Harper vs Supreme Court of Canada (Updated)
March 21, 2014
The Supreme Court’s rejection of Harper nominee Marc Nadon to fill an upcoming vacancy must come as a major slap in the face to a prime minister who does basic math: he has appointed five of the eight judges, and they just won’t stay bought. They voted six-to-one against his man. One recent Harper appointment recused himself. Another voted for Nadon. But the other three voted the appointment down because Nadon was not qualified according to the rules laid down in the Constitution.
Harper can’t very well cut the budget of the Supreme Court of Canada and expect Beverley McLachlin and her colleagues to fold their tents and go home. He can’t remove their charitable status, nor pack their board of directors. He can’t even change the law to qualify his personal candidates for the high court. He tried that by adding a page to the last omnibus bill. They quashed the change along with Nadon’s nomination. Damned Constitution.

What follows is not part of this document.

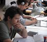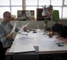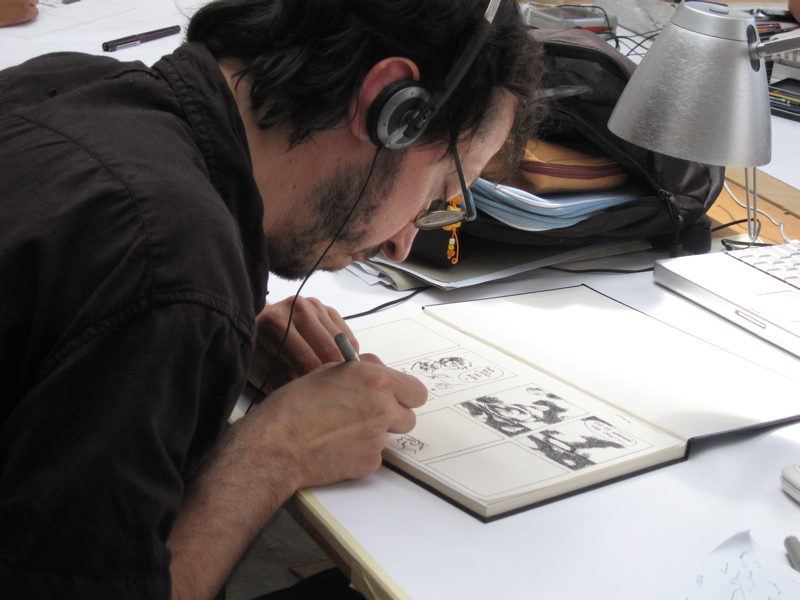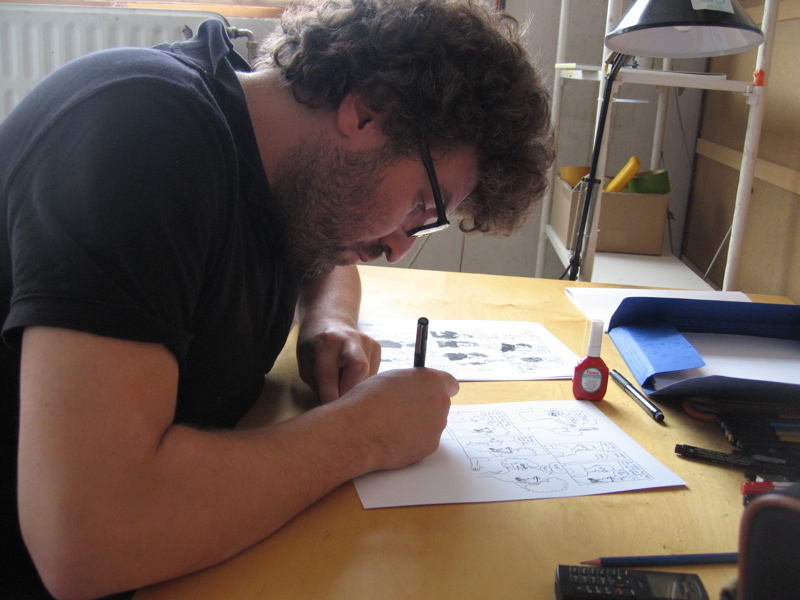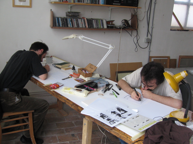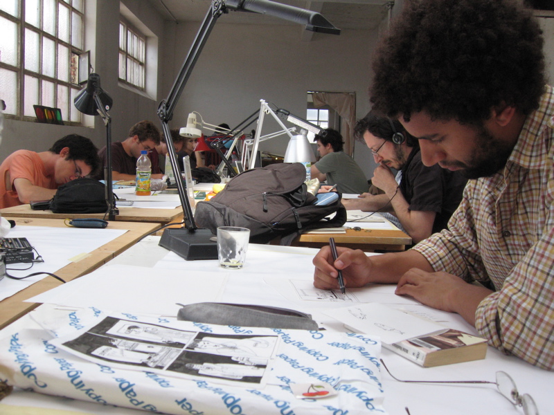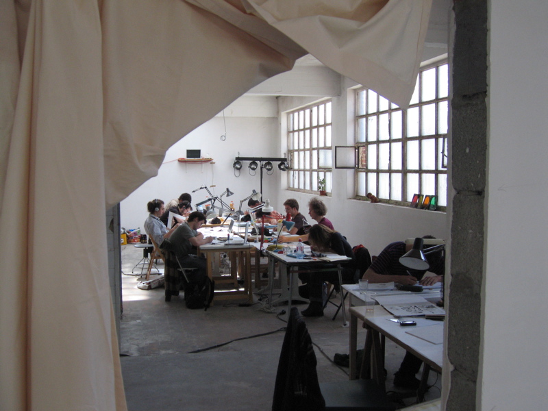 Albert Splouf tente de réanimer son GSM après avoir dessiné un superbe plan des lieux. Laurent Dandoy répond au sien (de GSM) : « Je suis occupé là ! » puis quitte sa table pour dessiner dans le canapé. David Libens a déjà fait six planches. Joanna Lorho cherche l’inspiration à la fenêtre. Max dessine des skateurs. Louis Vanardois découpe, découpe. Olive Booger écrit des lignes et des lignes. Alex de Moté philosophe et google des Goldarak : « Je connais pas le générique par cœur », s’excuse-t-il. Les klaxons d’un mariage brise le silence terrible de l’atelier, mais on continue à chuchoter, à murmurer.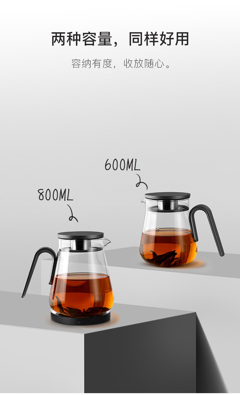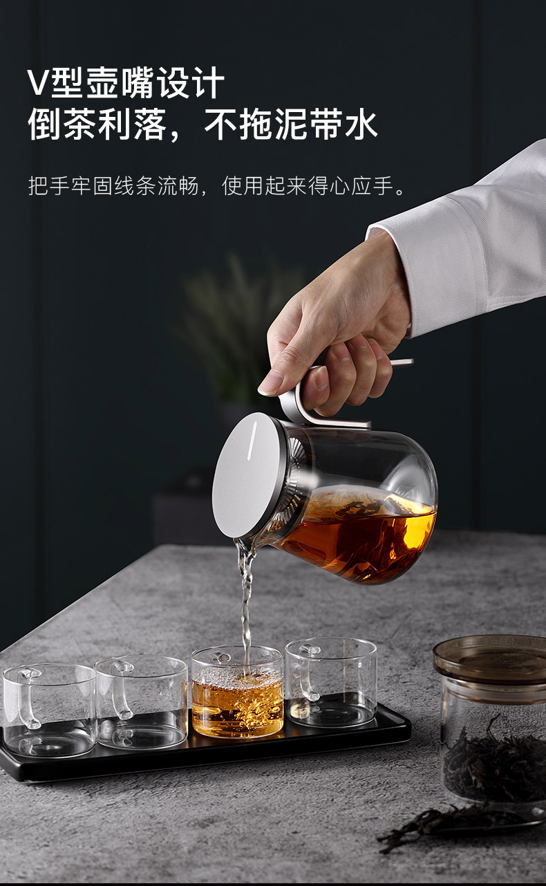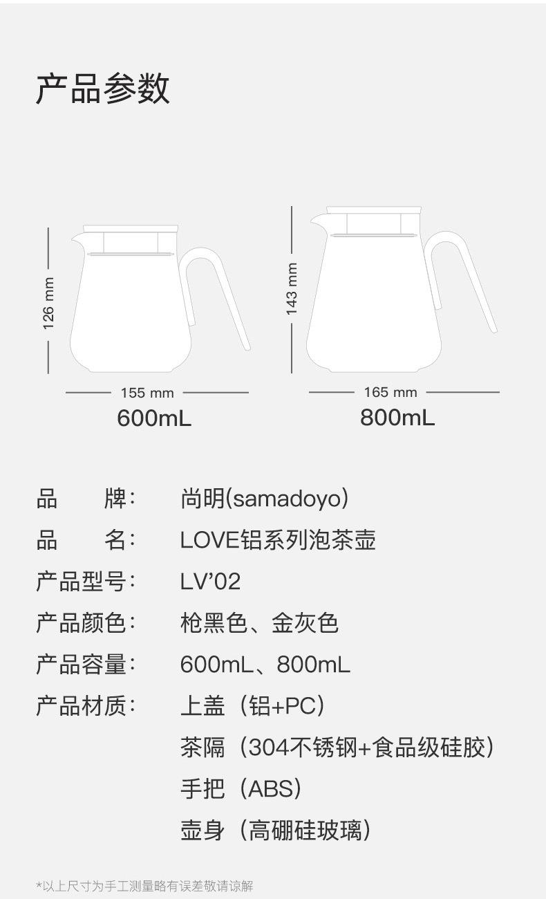容量:800mL 颜色:金色/枪黑色 内置食品级密封硅胶圈,稳固壶盖,轻松锁水,告别滴水烦恼; 细长滤孔,出水顺畅; 铝制壶盖,时尚简约; ABS磨砂把手,人体工程学设计; 高硼硅玻璃,耐170度瞬间温差

Now McLachlin and the five others who voted against Nadon specified in their report that they did not judge whether Nadon could still qualify for the post if he were again to join the Quebec Bar. That was not the question they had been asked. This leaves Harper, the man who gave new life to the word “prorogation” in the Canadian lexicon, another out: all he has to do is hop through the court’s hoops and then send Nadon, hat in hand, again to attempt to gain admission to the vacant Supreme Court seat.
Under the circumstances I would do exactly that. But Stephen Harper has had eight years of power, and his growing pride in his authoritarian rule may not allow him to bend to the Court’s will.
Expect Harper to fire a blast at constitutional lawyer Rocco Galati, the Supreme Court, the Constitution, and pretty well everyone else from his favourite perch: the lectern of a press conference in Europe. This may leave the Ukrainians within earshot slack-jawed in bewilderment, but it’s not about your country’s problems, guys. When Harper speaks on the world stage, it’s about Stephen Harper.